I don't know what your experience with VR is, but duct-taping VR to existing first person games is not how any of this works.


Right, Timmy's dad didn't abandon him, he just took an iterative approach to parenting.

There isn't a large AAA space because there's not enough people that are interested/have enough room/don't have animals running around the house/have motion sickness tolerance/want to be physically active while gaming, for VR in the world. Take off your fanboy glasses, Sony is not doint ANYTHING that wasn't tried before in this space. They're actually just re-treading the old Oculus path, but somehow doing it even worse. A closed VR eco-system with more AAA exclusives than what Sony has now, has already been done.
It. Doesn't. Work.
At this point if you can't predict the obvious, you'll have to watch the obvious unfold in front of you.
Just don't say I didn't told you so.

Nah, I'm sure it's gonna be a 4-5 hours campaign that ends on a cliffhanger, with no sequel to ever be made. Again, we've been there, done that with Oculus and their exclusives made by Sony studios.


You are aggressively trippin and way overconfident. You even know what horizon is going to be. We'll see what Sony's plans are they haven't shown much of anything. Maybe they go down the pavr1 path again as a growing the market move or maybe they double down on investment. The hardware compared to peers is a massive upgrade from psvr1 at the time. That's practically all we know in terms of strategy.
 

Mibu no ookami

Demoted Member® Pro™
Epic already does 12.5%. And they give games away for free.

Yeah and Epic is actually doing a really good amount of revenue, the problem is they are burning through money too quickly to do it.

I think Sony would aim towards something in between what Epic does and Steam and fewer game giveaways.

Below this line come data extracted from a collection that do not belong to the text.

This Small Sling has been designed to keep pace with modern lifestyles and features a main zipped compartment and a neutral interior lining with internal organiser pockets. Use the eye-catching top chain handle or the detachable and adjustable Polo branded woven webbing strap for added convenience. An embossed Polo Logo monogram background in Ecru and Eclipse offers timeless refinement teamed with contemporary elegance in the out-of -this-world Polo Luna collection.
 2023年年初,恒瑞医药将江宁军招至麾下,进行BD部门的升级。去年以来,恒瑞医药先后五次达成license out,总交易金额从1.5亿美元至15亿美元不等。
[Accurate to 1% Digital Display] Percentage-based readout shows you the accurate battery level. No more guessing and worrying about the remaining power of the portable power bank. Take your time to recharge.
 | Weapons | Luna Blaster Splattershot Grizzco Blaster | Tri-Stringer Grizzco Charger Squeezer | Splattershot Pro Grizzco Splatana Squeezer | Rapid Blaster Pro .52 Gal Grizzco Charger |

Sony doesn't have Fortnite either, but what they do have is their own games and their own relationships. They don't have to guarantee game sales on their PC store, all they need to do is give publishers a break on their PS5 royalties for games that hit certainly measurables on their storefront. That and mandating trophy and sync saves. They could even make an arrangement for tiered upgrades, like a digital deluxe package that comes with the PS5 and PC version for X dollars (but you have to be signed into PS to use the game). There are a lot of options.
 

Dream-Knife

Banned
Yeah and Epic is actually doing a really good amount of revenue, the problem is they are burning through money too quickly to do it.

I think Sony would aim towards something in between what Epic does and Steam and fewer game giveaways.

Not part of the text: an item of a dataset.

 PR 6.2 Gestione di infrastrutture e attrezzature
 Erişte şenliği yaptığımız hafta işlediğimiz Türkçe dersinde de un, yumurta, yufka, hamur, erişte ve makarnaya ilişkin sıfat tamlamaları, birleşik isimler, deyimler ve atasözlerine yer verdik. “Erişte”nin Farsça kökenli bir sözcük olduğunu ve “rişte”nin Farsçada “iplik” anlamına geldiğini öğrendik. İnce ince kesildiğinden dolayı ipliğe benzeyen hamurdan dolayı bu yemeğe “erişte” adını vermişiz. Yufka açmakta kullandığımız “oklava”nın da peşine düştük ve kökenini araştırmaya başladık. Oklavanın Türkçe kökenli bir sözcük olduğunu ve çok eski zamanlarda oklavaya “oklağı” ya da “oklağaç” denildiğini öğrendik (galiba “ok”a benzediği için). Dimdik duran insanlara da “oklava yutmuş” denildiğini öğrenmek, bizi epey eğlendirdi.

Sony doesn't have Fortnite either, but what they do have is their own games and their own relationships. They don't have to guarantee game sales on their PC store, all they need to do is give publishers a break on their PS5 royalties for games that hit certainly measurables on their storefront. That and mandating trophy and sync saves. They could even make an arrangement for tiered upgrades, like a digital deluxe package that comes with the PS5 and PC version for X dollars (but you have to be signed into PS to use the game). There are a lot of options.
They're burning through money because people only show up to grab the free games. Go look at the documents that came out in the Apple lawsuit.

What you describe, Epic is already doing.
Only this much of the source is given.